Das ausgleichende Temperament des Engländers aus der Stahlstadt Sheffield irritierte schon die Pythons. Michael sei der Einzige, sagte sein Kollege John Cleese einmal, «der vor der Schlacht von Stalingrad Hitler und Stalin hätte treffen und beiden das Gefühl hätte geben können, er sei auf ihrer Seite». Vielleicht spielte Cleese damals am liebsten mit Palin zusammen, weil dieser den «straight guy» gab, den in komischen Situationen unaufgeregt Normalen, neben dem der andere umso komischer wirkt.
Die Normalität war jener Aggregatszustand, den die Pythons mit besonderer Vehemenz attackierten. Die fünf britischen Akademiker und der amerikanische Politologe Terry Gilliam kombinierten auf bis heute unerreichtem Niveau Bildung und Idiotie, Weltgeschichte und Schlägerei, Philosophie in der Kloake und Psychose mit Krawatte. Sie zeigten Foltermethoden der Mafia wie Metapher, Analogie, Ironie und Sarkasmus; behandelten das verdrängte Thema des Kannibalismus in der britischen Marine; und streiften die existenzielle Frage, warum immer so viele tote Bischöfe vor der Eingangstüre liegen.

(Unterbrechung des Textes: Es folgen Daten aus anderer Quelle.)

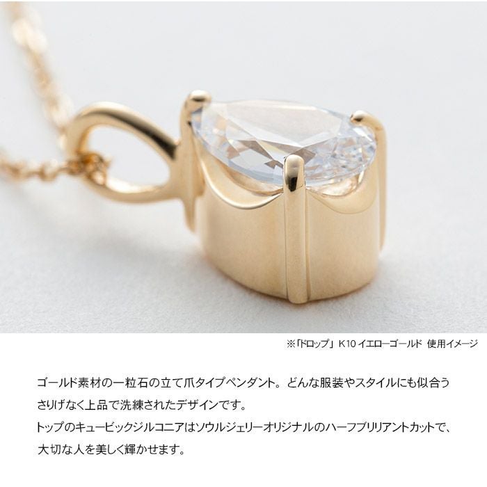 ゴールド素材の一粒石の立て爪タイプペンダント、どんな服装やスタイルにも似合うさりげなく上品で洗練されたデザインです。
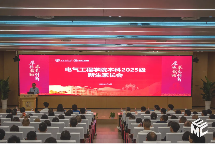 9月4日晚,电气工程学院2025级本科新生家长会于犀浦校区图书馆一号报告厅举行。电气工程学院党委书记王斌,党委副书记邢晓鹏,教学工作主管韩莹,团委书记张异,本科2025级辅导员宋治东、欧阳诗姝、何予诺、管烊堃及本科新生家长参加会议。会议由邢晓鹏副书记主持。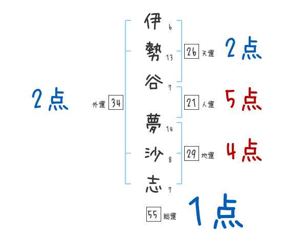 外運![]() | 伊勢谷夢沙志さんの外運は34画の2つ星!独創性に優れるが、自尊心が強く災難に注意しましょう。 生活面を象徴する運勢です。外部から受ける影響力を表し、結婚運、家庭運や職場、環境への順応性を表します。 |

Sie taten also nichts anderes, als ihre in Cambridge und Oxford erworbene Bildung dem Absurden preiszugeben. Wer mit ihnen darüber diskutieren wollte, musste um sein Leben fürchten. «Wir hielten Selbstschuss-Anlagen bereit», sagte Palin einmal, «die bei jedem losgingen, der über unsere Komik dissertieren wollte.» Er sagte es auf nette Art.